**ASSIGNMENT**
Output the full listing word for word.

**SOURCE DATA**
((

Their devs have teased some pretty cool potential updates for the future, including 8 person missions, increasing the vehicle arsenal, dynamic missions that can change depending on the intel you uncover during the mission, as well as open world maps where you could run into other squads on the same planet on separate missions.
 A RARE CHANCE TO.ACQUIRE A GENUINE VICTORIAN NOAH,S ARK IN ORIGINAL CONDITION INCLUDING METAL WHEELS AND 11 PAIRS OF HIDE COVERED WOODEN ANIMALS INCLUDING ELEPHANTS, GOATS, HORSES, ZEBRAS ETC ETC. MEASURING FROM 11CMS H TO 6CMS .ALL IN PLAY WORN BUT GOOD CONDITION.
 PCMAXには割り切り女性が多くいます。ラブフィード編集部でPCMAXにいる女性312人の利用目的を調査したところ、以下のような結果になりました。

))

**ANSWER TO THE PROBLEM**
Their devs have teased some pretty cool potential updates for the future, including 8 person missions, increasing the vehicle arsenal, dynamic missions that can change depending on the intel you uncover during the mission, as well as open world maps where you could run into other squads on the same planet on separate missions.
 A RARE CHANCE TO.ACQUIRE A GENUINE VICTORIAN NOAH,S ARK IN ORIGINAL CONDITION INCLUDING METAL WHEELS AND 11 PAIRS OF HIDE COVERED WOODEN ANIMALS INCLUDING ELEPHANTS, GOATS, HORSES, ZEBRAS ETC ETC. MEASURING FROM 11CMS H TO 6CMS .ALL IN PLAY WORN BUT GOOD CONDITION.
 PCMAXには割り切り女性が多くいます。ラブフィード編集部でPCMAXにいる女性312人の利用目的を調査したところ、以下のような結果になりました。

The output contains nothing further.